Chroniques

par françois cavaillès

Nemanja Radulović et Laure Favre-Kahn
Bloch, Chausson, Debussy, Grieg et Ravel

Nuits romantiques du lac du Bourget / Théâtre du Casino, Aix-les-Bains
- 29 septembre 2018
récital Nemanja Radulović et Laure Favre-Kahn aux Nuits romantiques du Bourget
© nuits romantiques du lac du bourget

« Chez Grieg, point de tragédie mais cette douce mélancolie nordique », commente le soprano Karen Vourc'h en introduction à son premier disque, Till Solveig... Ainsi l'œuvre d'Edvard Grieg sied à merveille aux Nuits romantiques du Lac du Bourget, au pied des charmants monts jurassiens (du Chat, Molard Noir, Grand Colombier). Pour présenter Grieg et ses contemporains aux mélomanes, le violoniste Nemanja Radulović, à la fois vedette spectaculaire et habitué du festival automnal, est l’interprète tout indiqué pour un récital chaleureux et passionné en compagnie de la pianiste Laure Favre-Kahn. Et en effet, par ce rayonnement personnel décuplé dans l'intimité de la bonbonnière toute de rouge couverte qu'est le Théâtre du Casino, le duo brille de mille feux, transportant le public et semant la joie de vivre.

L'amorce sur une pièce d'inspiration judaïque, Nigun d'Ernest Bloch (1923), présente le jeu hendrixien du virtuose, absorbé dans cette lamentation électrique entre bel allongement de notes et savante oppression des cordes. Le rendu est naturellement lyrique, grâce à une technique remarquable et un goût prononcé pour le tragique. De la Sonate pour violon et piano en ut mineur Op.45 n°3 de Grieg (1886-1887), le premier mouvement paraît confondant de frénésie. Il est suivi d'un véritable hymne à l'art, ouvert par quelques notes de piano, superbes, simplement idéales. Mélodie et sonorité ravissent, puis la phrase du violon, de toute beauté, et sa terrible force émouvante font de cet Allegretto expressivo alla romanza une page d'anthologie. Le final gagne encore en puissance, à mesure que les solistes le subliment, menant la danse jusqu'au délire vers un infini optimiste, ludique bien qu’encore tamisé.

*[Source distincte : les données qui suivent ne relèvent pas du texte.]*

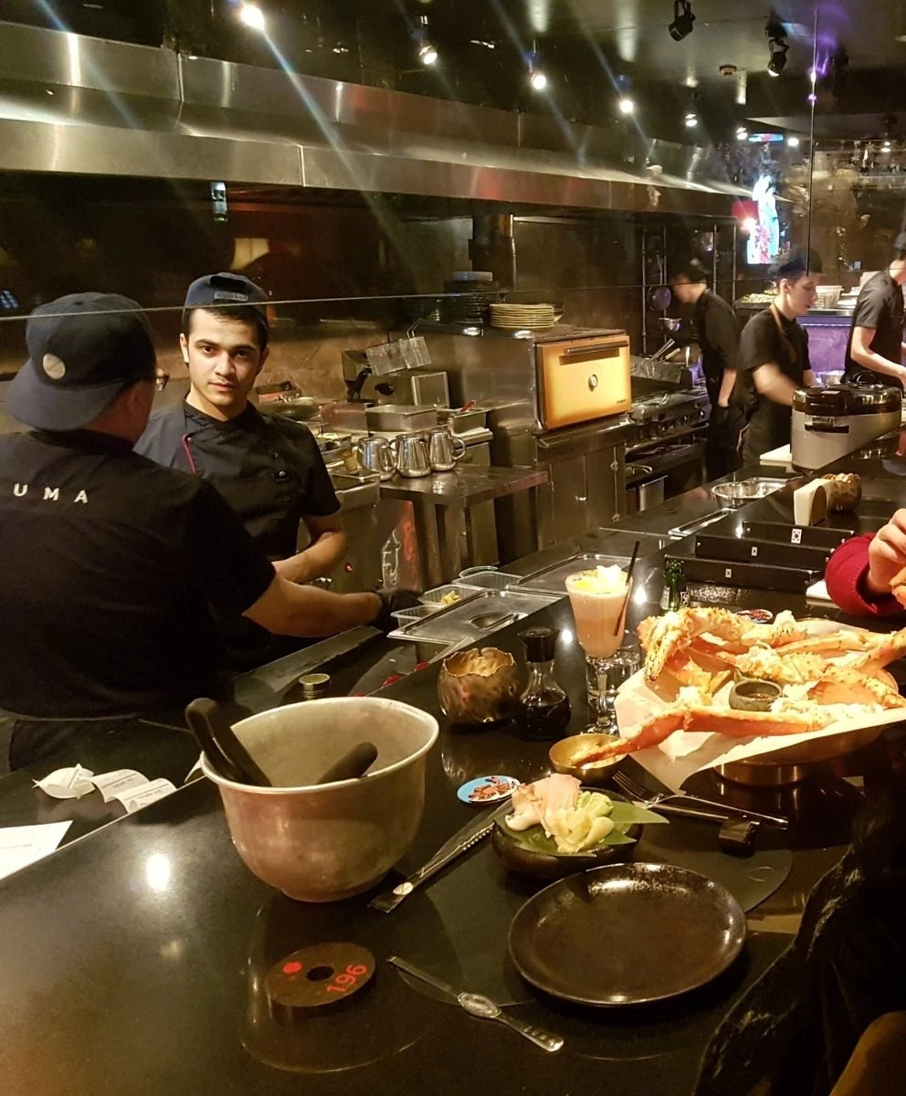 개방된 형태의 키친. 지근거리에 앉아 킹크랩을 기다렸다. 주마는 새벽 2시까지 영업을 한다.

Après l'entracte, place à la musique française, entrée pas à pas sur le clavier puis sur les cordes poétiques, agitées, animées d'un air marin... La mélodie ferme du piano porte l'empreinte de Grieg, le lien paraît évident avec la Sonate pour violon et piano de Claude Debussy (1917) qui commence et finit à la manière du calme et ténébreux Norvégien. Dans l'intervalle se déploient, en une grande rêverie bienveillante, le jeu expérimental et sensationnel, les arpèges et les ondes fantastiques, de Nemanja Radulović [lire nos chroniques du 7 août 2007 et du 26 septembre 2010].

Par-delà la question des influences, le comble du romantisme semble atteint ici avec Poème Op.25 d'Ernest Chausson (1896). La lente mélodie du piano, toujours grave et digne, entraîne instantanément le coeur au déchirement, avant même les premiers ornements et le profond lyrisme sombre, dépouillé, du violon tendre, sincère et fabuleux dans son solo ravageur. Le bouleversant tire-larmes prend une proportion métaphysique wagnérienne sans renier la simplicité, par la grâce d'un autre solo gigantesque, accompagné du même discours enchanteur du piano. Aux âmes tout de suite touchées par Chausson, longue vie !

Enfin, Tzigane de Maurice Ravel (1924) s'avère beaucoup plus qu'un exercice de virtuosité. Certes, Radulović excelle en toute forme, mais dans un style chantant et personnel, jouant à ralentir, s'enflammer, danser, décoller enfin comme une fusée. La complicité avec Laure Favre-Kahn [lire notre chronique du 5 septembre 2003], plaisir affiché de la meilleure manière, s’avère, aux passages les plus ardus, la clé de la réussite, pour finir devant une salle soulevée. En bis, leur frétillant entre-deux porte sur la Danse macabre de Camille Saint-Saëns, avant que la Chansons que ma mère m'apprenait de Dvořák (extraite des Mélodies tziganes Op.55) salue sobrement, en délicate dentelle, un public ravi.